_Work task_.
What you output must be the exact lines from the first line of the data through the one holding "SKMEI 1744 Rose", with no pictures.

_Source data_.
========

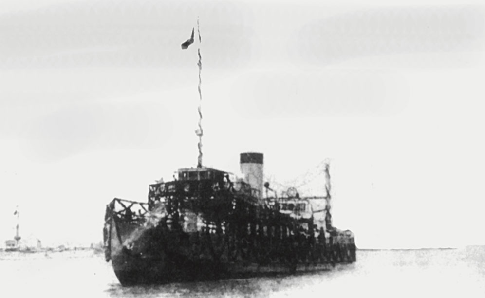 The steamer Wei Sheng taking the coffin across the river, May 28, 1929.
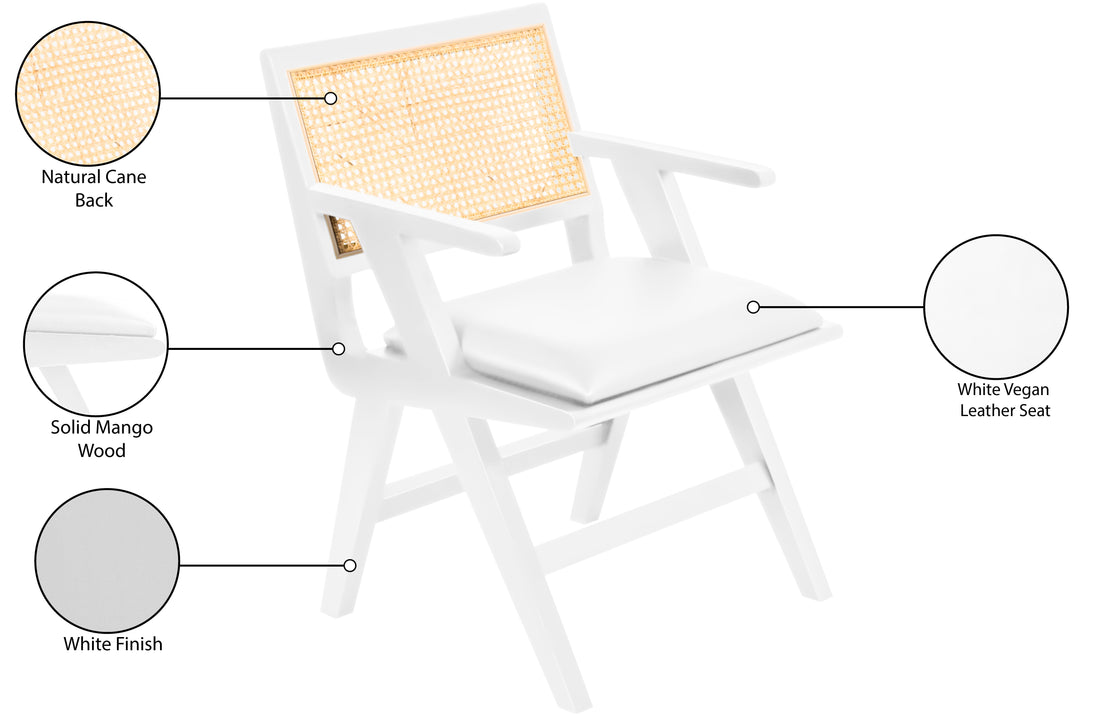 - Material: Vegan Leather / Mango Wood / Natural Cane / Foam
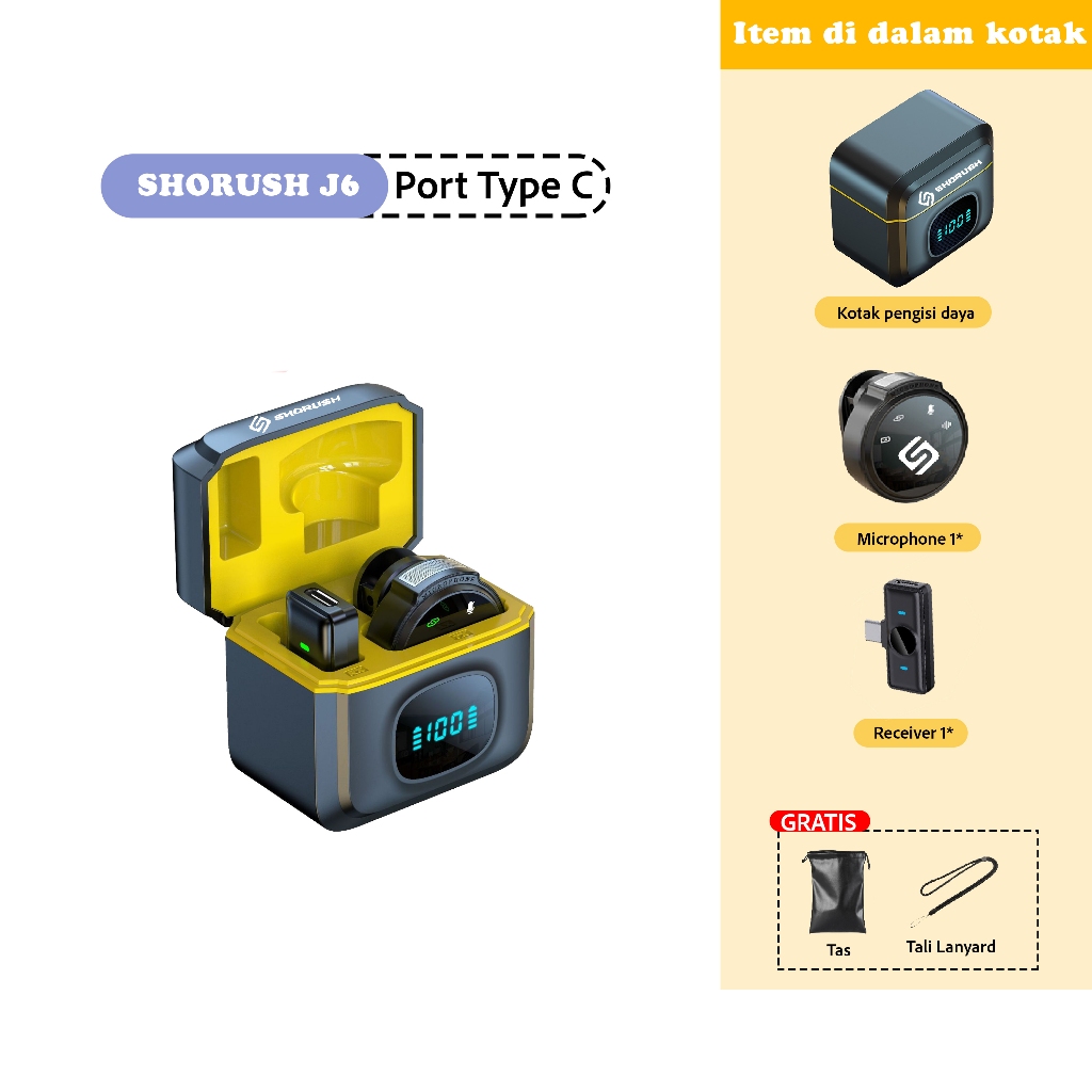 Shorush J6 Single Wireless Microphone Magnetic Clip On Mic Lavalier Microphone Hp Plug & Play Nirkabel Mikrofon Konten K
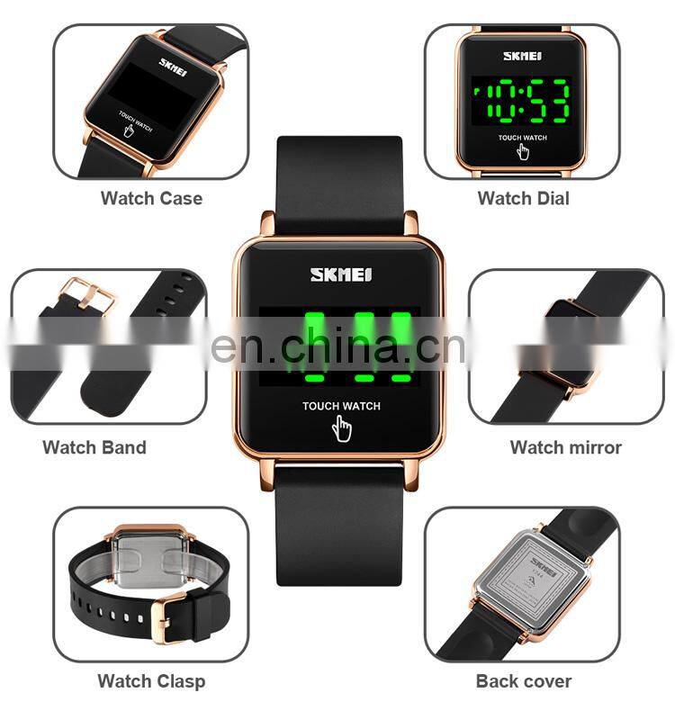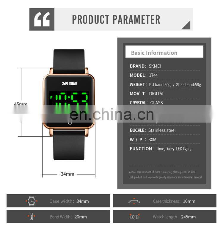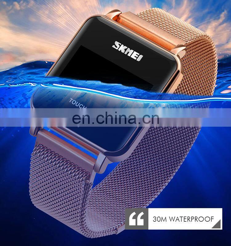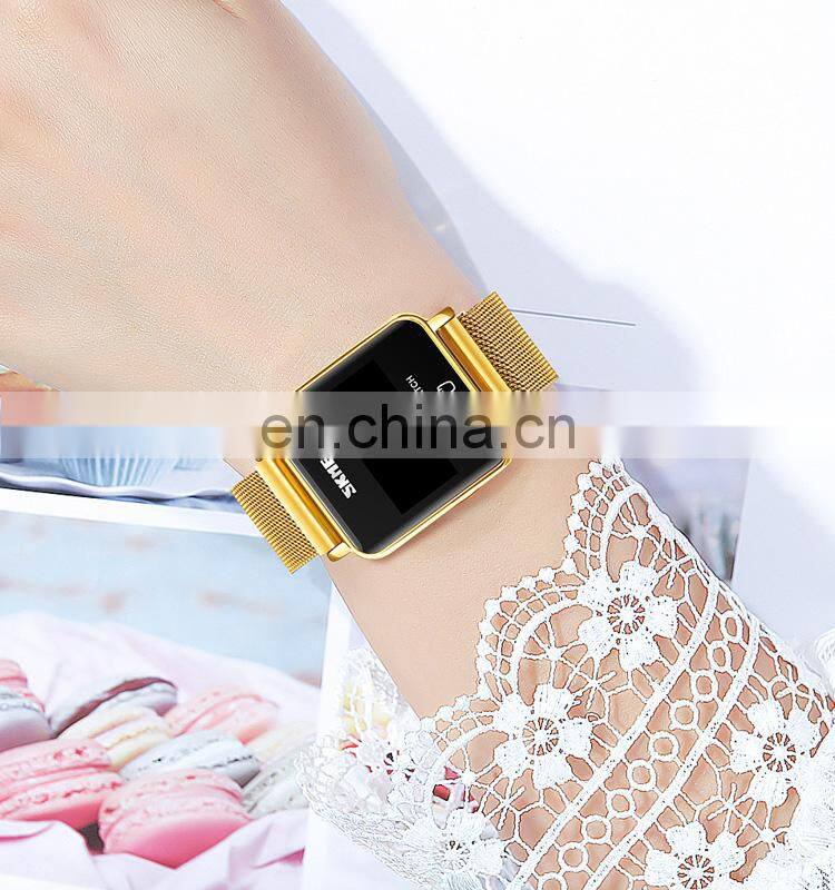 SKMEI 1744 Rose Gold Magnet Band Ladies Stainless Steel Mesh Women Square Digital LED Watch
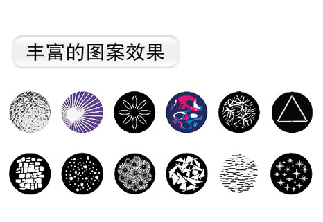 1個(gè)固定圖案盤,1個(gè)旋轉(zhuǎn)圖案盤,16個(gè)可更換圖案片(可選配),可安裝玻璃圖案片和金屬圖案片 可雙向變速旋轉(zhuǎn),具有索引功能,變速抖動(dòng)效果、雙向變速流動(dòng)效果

========

_Task answer_.
 The steamer Wei Sheng taking the coffin across the river, May 28, 1929.
 - Material: Vegan Leather / Mango Wood / Natural Cane / Foam
 Shorush J6 Single Wireless Microphone Magnetic Clip On Mic Lavalier Microphone Hp Plug & Play Nirkabel Mikrofon Konten K
 SKMEI 1744 Rose Gold Magnet Band Ladies Stainless Steel Mesh Women Square Digital LED Watch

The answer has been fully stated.